【发布时间】:2017-10-06 15:55:12
【问题描述】:
我在 Storage 中有一个 CSV 文件,我想读取它并将其写入 BigQuery Table。这是我的 CSV 文件,其中第一行是标题:
GroupName,Groupcode,GroupOwner,GroupCategoryID
System Administrators,sysadmin,13456,100
Independence High Teachers,HS Teachers,,101
John Glenn Middle Teachers,MS Teachers,13458,102
Liberty Elementary Teachers,Elem Teachers,13559,103
1st Grade Teachers,1stgrade,,104
2nd Grade Teachers,2nsgrade,13561,105
3rd Grade Teachers,3rdgrade,13562,106
Guidance Department,guidance,,107
Independence Math Teachers,HS Math,13660,108
Independence English Teachers,HS English,13661,109
John Glenn 8th Grade Teachers,8thgrade,,110
John Glenn 7th Grade Teachers,7thgrade,13452,111
Elementary Parents,Elem Parents,,112
Middle School Parents,MS Parents,18001,113
High School Parents,HS Parents,18002,114
这是我的代码:
public class StorgeBq {
public static class StringToRowConverter extends DoFn<String, TableRow> {
private String[] columnNames;
private boolean isFirstRow = true;
@ProcessElement
public void processElement(ProcessContext c) {
TableRow row = new TableRow();
String[] parts = c.element().split(",");
if (isFirstRow) {
columnNames = Arrays.copyOf(parts, parts.length);
isFirstRow = false;
} else {
for (int i = 0; i < parts.length; i++) {
row.set(columnNames[i], parts[i]);
}
c.output(row);
}
}
}
public static void main(String[] args) {
DataflowPipelineOptions options = PipelineOptionsFactory.fromArgs(args).withValidation()

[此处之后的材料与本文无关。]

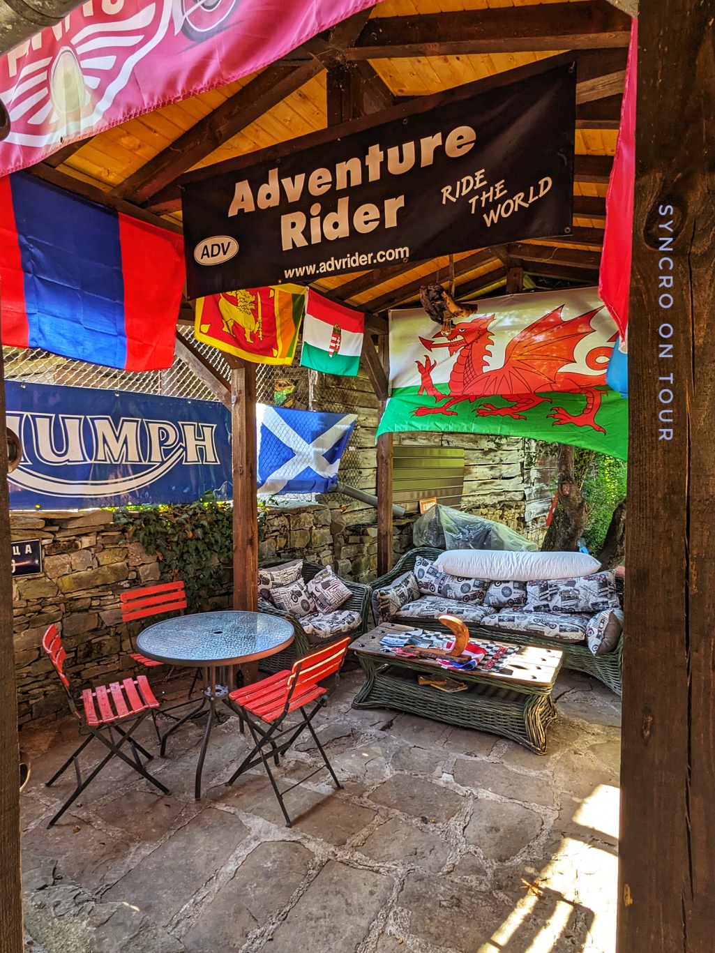 Wir haben uns noch einmal genauer im Camp umgeschaut und uns an der liebevollen, auf Biker zugeschnittenen, Ausstattung erfreut. Ivo ist ein echter Motorradfan und tut alles, um seine Gäste glücklich zu machen. Nachdem ich ihm gestern von Davids kleinem Bauernhof in Texas erzählt hatte, trafen wir ihn heute Morgen ganz zufällig mit einem passenden T-Shirt. Sein Camp möchten wir gerne allen Bikern empfehlen, die durch Bulgarien reisen. Hier der Link

.as(DataflowPipelineOptions.class);
options.setZone("europe-west1-c");
options.setProject("mydata-dev");
options.setRunner(DataflowRunner.class);
Pipeline p = Pipeline.create(options);
p.apply("ReadLines", TextIO.read().from("gs://mydata3-dataflow/C2ImportGroupsSample.csv"))
.apply("ConverToBqRow",ParDo.of(new StringToRowConverter()))
.apply("WriteToBq", BigQueryIO.<TableRow>writeTableRows()
.to("mydata-dev:DF_TEST.dataflow_table")
.withWriteDisposition(WriteDisposition.WRITE_APPEND)
.withCreateDisposition(CreateDisposition.CREATE_NEVER));
p.run().waitUntilFinish();
}
}
有一些问题: 1)当作业开始执行时,我看到有一个名为“DropInputs”的进程,我没有在我的代码中定义它!并在所有任务之前开始运行,Why??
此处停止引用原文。